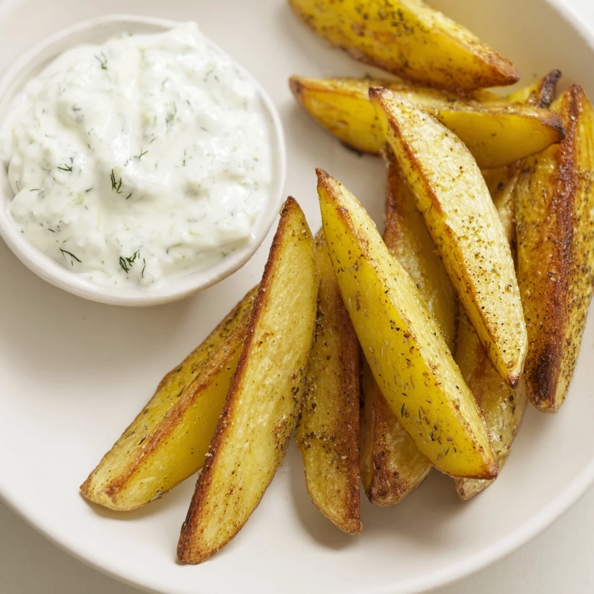 Merken Goldene, knusprige Ofenkartoffeln mit einem cremigen, aromatischen Kräuterquark-Dip – ein einfaches und zufriedenstellendes Klassikerrezept, perfekt für jede Mahlzeit.
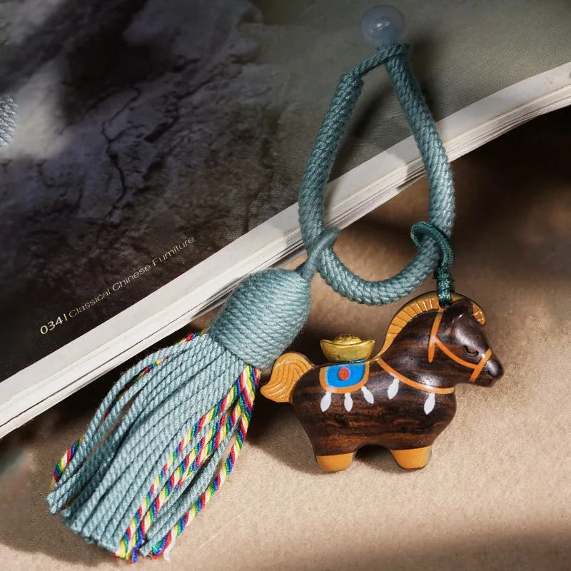 Portachiavi in legno a forma di cavallo, portachiavi rilassante, ciondolo per borsa, ciondolo a forma di carrozza in legno di sandalo, accessorio portachiavi leggero per auto, ideale come regalo
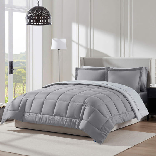 Virtu Queen Comforter Set, 7pc Bed in a Bag, Reversible Bedding Comforter Sets with Sheets, Gray/Silver
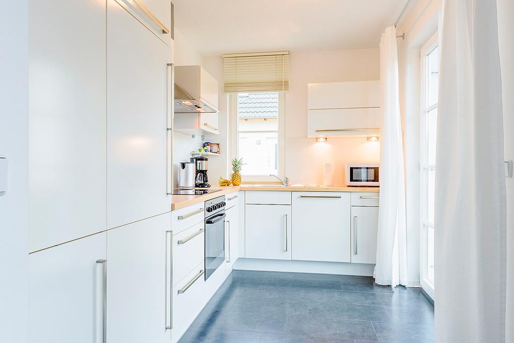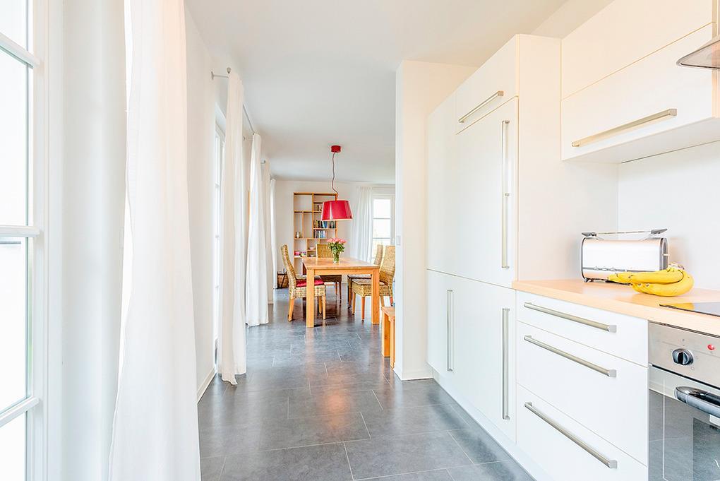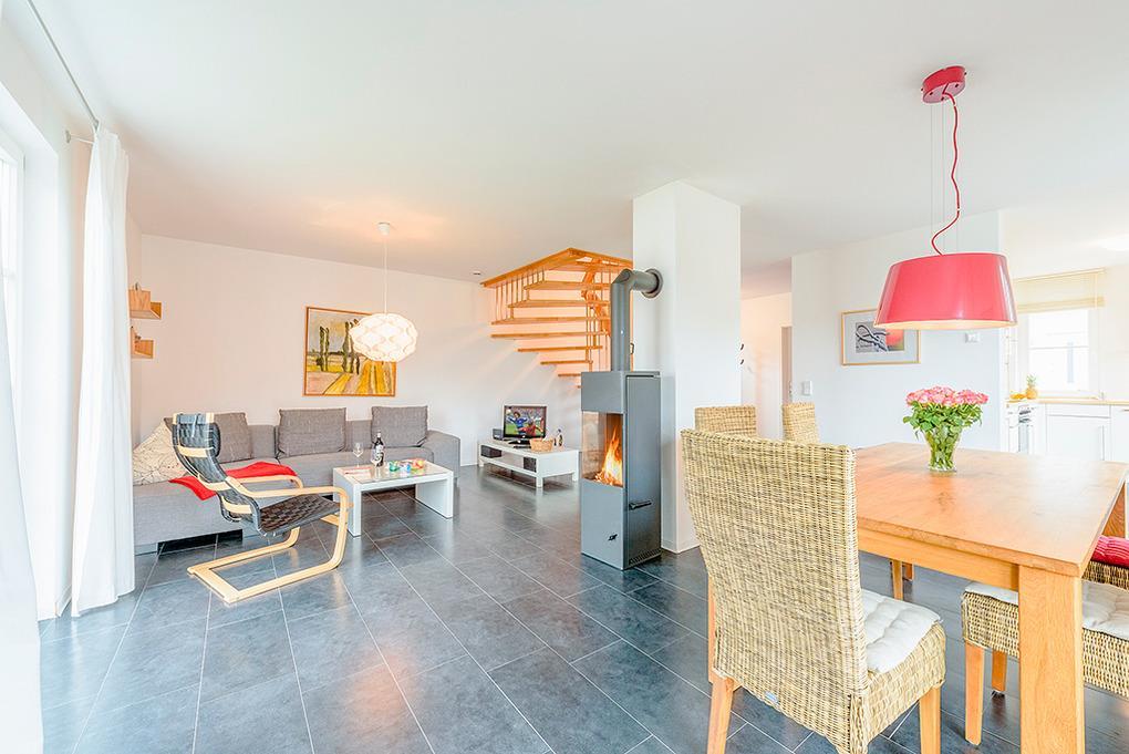 D 16.7 Ferienhaus 3-6 Pers.: 4-Zimmerhaus mit 100 qm Wohnfläche über 2 Etagen. Parterre: Heller Wohn-/Essraum mit Kaminofen, Couchgarnitur, Sat-TV, DVD, Radio/CD, Esstisch, moderner Küchenzeile (Backofen, Mikrowelle, Spülmaschine). Abstellraum. Bad/WC. 1. Etage: Zwei 2-Bettzimmer. Großes 4-Bettzimmer mit Doppelbett, Schlafcouch (2 Pers.). Bad/WC.

* About this exercise
Quote exactly the lines from the line that contains "Virtu Queen Comforter" through the last line of the listing, please, leaving out all pictures.

* Answer space
 Virtu Queen Comforter Set, 7pc Bed in a Bag, Reversible Bedding Comforter Sets with Sheets, Gray/Silver
 D 16.7 Ferienhaus 3-6 Pers.: 4-Zimmerhaus mit 100 qm Wohnfläche über 2 Etagen. Parterre: Heller Wohn-/Essraum mit Kaminofen, Couchgarnitur, Sat-TV, DVD, Radio/CD, Esstisch, moderner Küchenzeile (Backofen, Mikrowelle, Spülmaschine). Abstellraum. Bad/WC. 1. Etage: Zwei 2-Bettzimmer. Großes 4-Bettzimmer mit Doppelbett, Schlafcouch (2 Pers.). Bad/WC.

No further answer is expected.